The shallow survey depth of K=18.4 seems a sensible match to POSS II, as typical galaxy colours have B-K~4, and the plates reach B~22.5. From the latitude of UKIRT one can see roughly 30,000 sq. degs, three quarters of the sky. Allowing for likely inefficiencies and weather (see later), such a complete JHK survey would take about 1200 nights, i.e. around 5-10 years depending on what fraction of UKIRT time we use. Such an IR sky atlas would be an incredible resource and in the long term may be a sensible goal. But in the medium term, it is not the best strategy, for several reasons. (i) Much of the exciting science we would like to tackle is much deeper, while still requiring large amounts of data. (ii) Just as Schmidt era surveys fed spectroscopy on 4m class telescopes, we should be looking towards feeding spectroscopy on 8m telescopes. This suggests that we should be looking for exposures of a few hours rather than a few seconds. (iii) Multi-wavelength identifications - from current and imminent X-ray, submm, and radio facilities - are expected to be several magnitudes fainter than the Schmidt limit. (iv) For given science goals, even very ambitious ones, we don't necessarily need all that area, or quite so many sources. (v) Any given area should ideally be covered many times - for reliability, for variability, and for proper motions.

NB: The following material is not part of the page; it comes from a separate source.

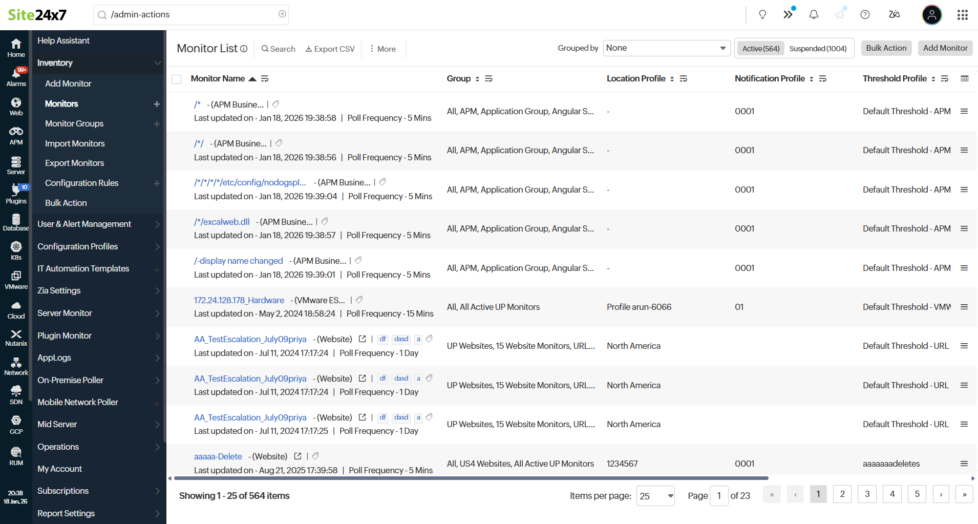 - Login to Site24x7 and navigate to Admin > Inventory > Monitors.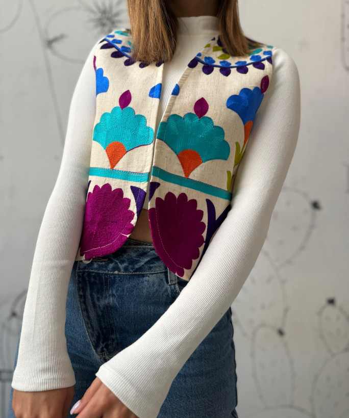 جلیقه لینن بخارادوزی پارچه هندی وارداتی

All this argues for looking at the science drivers and tuning survey design accordingly. Of course these are hard to get right in advance, looking 5-10 years ahead, and different goals may push us in different directions. The net result from debate amongst our consortium is to propose not a single monolithic survey, but a survey programme, made up of a suite of distinct component sub-surveys with a variety of areas and depths. The particular areas and depths are driven by specific science goals. However, somewhat inevitably the general result is a kind of logarithmically spaced ''wedding cake'' plan with wide-shallow, medium, and narrow-deep surveys.